How big is a dollop of SH1T ?


----------



## jeffmossy (Dec 7, 2016)

And if you keep off the currys, it wont fill as fast :sucks:


----------



## antiquesam (Dec 7, 2016)

I find a No1 follows a No2 and probably helps in the breakdown process. I don't think I could hold on long enough to find somewhere else to continue my morning programme. My old van has one of the old fashioned long cassettes which lasts two of us 3 days, and me by myself about 8 days ( I'm sure that says something). These modern cassettes seem to be designed for caravan sites to do the same job as a potty and be emptied every morning. I can't believe I'm writing on this subject.


----------



## vindiboy (Dec 7, 2016)

Daily. or at least as often as you can , why would you want to keep a crock of **** in your van longer than you needed to?


----------



## Pauljenny (Dec 7, 2016)

***** said:


> For the last year, we have carried a spare, b*ut have not yet used it*:dance:



Try Prunes , that should get you up and running


----------



## Wooie1958 (Dec 7, 2016)

I think the time and date is wrong on my laptop, should it be 09:37 01/04/16


----------



## campervanannie (Dec 7, 2016)

If you **** in a bag like what I do you'll never have to empty it si you won't even need a gasketed box so maybe you can grow a few herbs in the toilet bowl mint for your spuds chives for your omelettes and really whatever you fancy.
Oh and if you pee in a yogurt pot you can just chuck that out your door in the morning.


----------



## Nesting Zombie (Dec 7, 2016)

Hi Gang,
I take every opportunity to empty my cassette as regularly as possible.
Infact. I CAN say that Finding a Fresh Water tap, Rubbish disposal, & Cassette Emptying are an almost daily ponder & often dictate my traveld route all be it at an almost Subconscious level. If I HAD to, my cassette would last around the 10days mark as a Single Guy, Full Time Livaboard before needing to be emptied. But with a site pit stop schedule of every 14-20 Days I've not really had any issues.


----------



## trevskoda (Dec 7, 2016)

campervanannie said:


> If you **** in a bag like what I do you'll never have to empty it si you won't even need a gasketed box so maybe you can grow a few herbs in the toilet bowl mint for your spuds chives for your omelettes and really whatever you fancy.
> Oh and if you pee in a yogurt pot you can just chuck that out your door in the morning.

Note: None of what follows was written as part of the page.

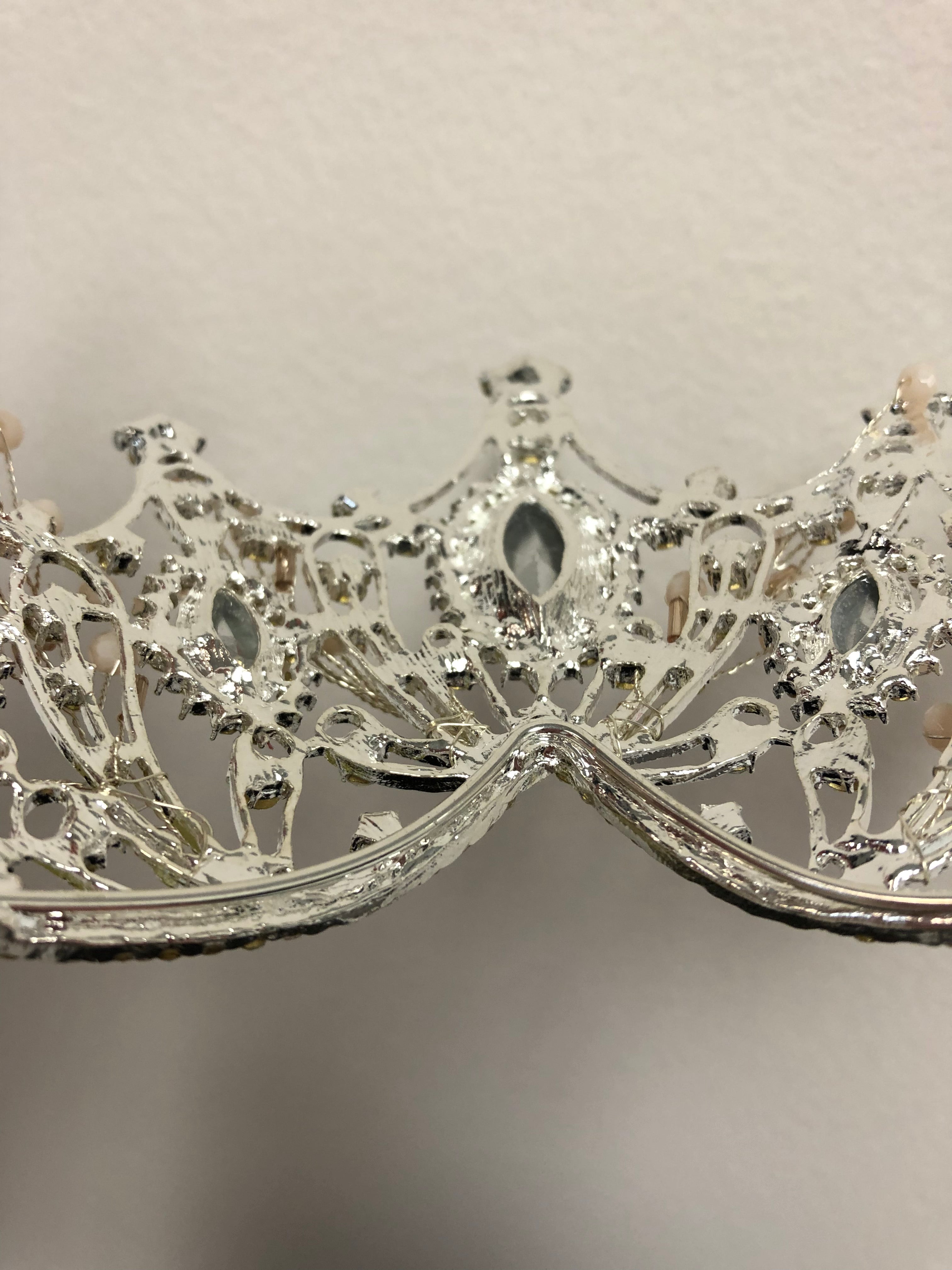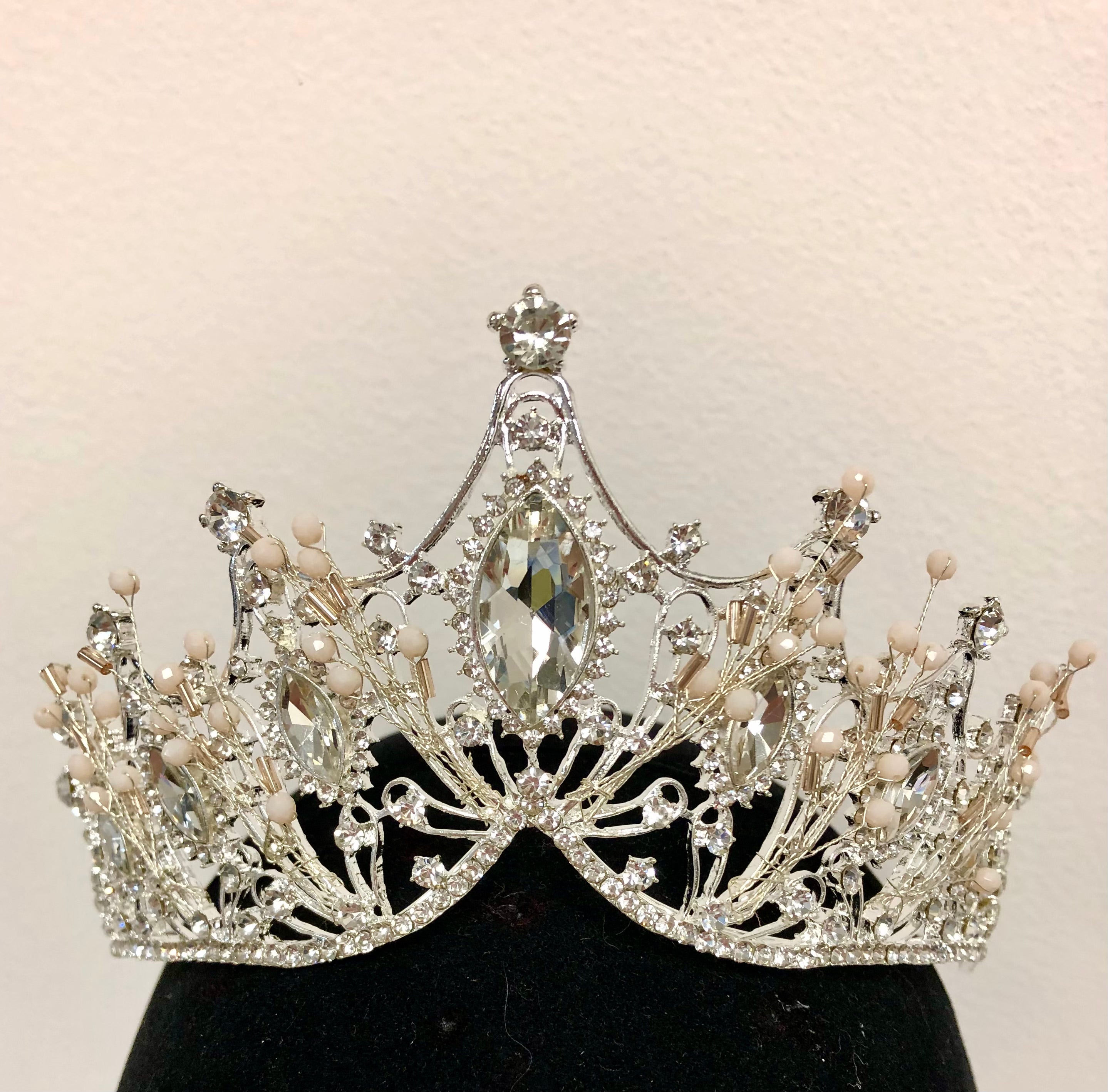 Priced per each. Elegant silver tiara with pale pink beads and crystal rhinestone tiara. Perfect for many ballet roles.

I tried a milk bottle but the neck was to small.:lol-061:


----------



## wildman (Dec 7, 2016)

well that just about ties it all up, a drop of bio washing powder and make sure there is sufficient liquid to enabling it to pour away or you will be stuck with an unmovable solid lump to deal with.


----------



## campervanannie (Dec 7, 2016)

trevskoda said:


> I tried a milk bottle but the neck was to small.:lol-061:



You'll have to try the milkshake bottles they have a wider kneck.


----------



## Wooie1958 (Dec 7, 2016)

trevskoda said:


> I tried a milk bottle but the neck was to small.:lol-061:




Maybe next time Trev try a milk churn


----------



## Nesting Zombie (Dec 7, 2016)

campervanannie said:


> If you **** in a bag like what I do you'll never have to empty it si you won't even need a gasketed box so maybe you can grow a few herbs in the toilet bowl mint for your spuds chives for your omelettes and really whatever you fancy.
> Oh and if you pee in a yogurt pot you can just chuck that out your door in the morning.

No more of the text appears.